The arbitrator will have exclusive authority to resolve any dispute relating to arbitrability and/or enforceability of this arbitration provision, including any unconscionability challenge or any other challenge that the arbitration provision or the agreement is void, voidable, or otherwise invalid. The arbitrator will be empowered to grant whatever relief would be available in a court under law or in equity. Any award of the arbitrator(s) will be final and binding on each of the parties and may be entered as a judgment in any court of competent jurisdiction.
Parties will be responsible for paying any individual consumer’s arbitration fees. If Party shall prevail on any claim that affords the prevailing Party’s attorneys’ fees, the arbitrator may award reasonable fees to you under the standards for fee shifting provided by law.
(c) Participant may elect to pursue your claim in small-claims court rather than arbitration if they provide Company with written notice of your intention to do so within 60 days of your purchase. The arbitration or small-claims court proceeding will be limited solely to the individual dispute or controversy.
(d) Participant agrees to an arbitration on an individual basis. In any dispute, NEITHER PARTICIPANT NOR COMPANY WILL BE ENTITLED TO JOIN OR CONSOLIDATE CLAIMS BY OR AGAINST OTHER CUSTOMERS IN COURT OR IN ARBITRATION OR OTHERWISE PARTICIPATE IN ANY CLAIM AS A CLASS REPRESENTATIVE, CLASS MEMBER OR IN A PRIVATE ATTORNEY GENERAL CAPACITY. The arbitral tribunal may not consolidate more than one person’s claims, and may not otherwise preside over any form of a representative or class proceeding. The arbitral tribunal has no power to consider the enforceability of this class arbitration waiver and any challenge to the class arbitration waiver may only be raised in a court of competent jurisdiction.]
14. Severability. If any provision of this arbitration agreement is found unenforceable, the unenforceable provision will be severed and the remaining arbitration terms will be enforced
15. Entire Agreement; Waiver
This Agreement constitutes the entire agreement between Participant and the Company and supersedes all prior and contemporaneous agreements, representations, and understandings between the Parties. No waiver of any of the provisions of the Agreement by Company shall be deemed, or shall constitute, a waiver of any other provision, whether or not similar, nor shall any waiver constitute a continuing waiver.

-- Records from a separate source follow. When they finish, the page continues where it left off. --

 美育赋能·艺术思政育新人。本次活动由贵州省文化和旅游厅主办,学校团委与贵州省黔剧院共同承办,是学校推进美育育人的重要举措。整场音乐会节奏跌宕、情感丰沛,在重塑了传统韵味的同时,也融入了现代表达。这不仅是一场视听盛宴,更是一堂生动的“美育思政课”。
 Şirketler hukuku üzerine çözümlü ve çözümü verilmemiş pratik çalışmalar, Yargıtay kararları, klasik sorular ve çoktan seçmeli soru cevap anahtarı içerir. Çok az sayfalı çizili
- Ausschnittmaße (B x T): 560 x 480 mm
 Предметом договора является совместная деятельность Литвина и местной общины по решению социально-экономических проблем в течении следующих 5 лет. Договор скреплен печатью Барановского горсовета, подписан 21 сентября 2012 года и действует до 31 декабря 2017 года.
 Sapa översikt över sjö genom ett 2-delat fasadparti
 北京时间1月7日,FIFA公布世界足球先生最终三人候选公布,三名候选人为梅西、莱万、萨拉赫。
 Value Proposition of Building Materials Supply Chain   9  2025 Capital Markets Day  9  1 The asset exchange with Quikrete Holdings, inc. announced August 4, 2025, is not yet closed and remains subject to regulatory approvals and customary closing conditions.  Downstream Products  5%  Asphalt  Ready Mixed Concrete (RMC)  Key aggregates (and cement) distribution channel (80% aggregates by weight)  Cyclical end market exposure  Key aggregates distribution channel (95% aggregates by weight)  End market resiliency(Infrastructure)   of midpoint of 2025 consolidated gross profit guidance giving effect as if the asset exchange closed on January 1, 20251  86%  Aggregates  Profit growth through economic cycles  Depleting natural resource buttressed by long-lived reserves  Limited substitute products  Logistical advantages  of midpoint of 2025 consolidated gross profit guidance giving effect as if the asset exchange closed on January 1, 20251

No waiver shall be binding unless executed in writing by Company.
16. Effect of Headings
The subject headings of the paragraphs of the Agreement are included for convenience only and shall not affect the construction or interpretation of any of its provisions.
If any term, provision, covenant, or condition of the Agreement is held by an arbitrator or court of competent jurisdiction to be invalid, void, or unenforceable, the rest of the Agreement shall remain in full force and effect and shall in no way be affected, impaired, or invalidated.
18. Acknowledgement of Terms. Member purchase and participation serve as an acknowledgment that they have read and understood this document and what it means with respect to their participation, as well as an agreement to the terms therein. Member warrants, represents, and agrees that they have the full power and authority to enter into this agreement; and have obtained all necessary permissions or licenses from any necessary individuals or organizations prior to the Member’s participation.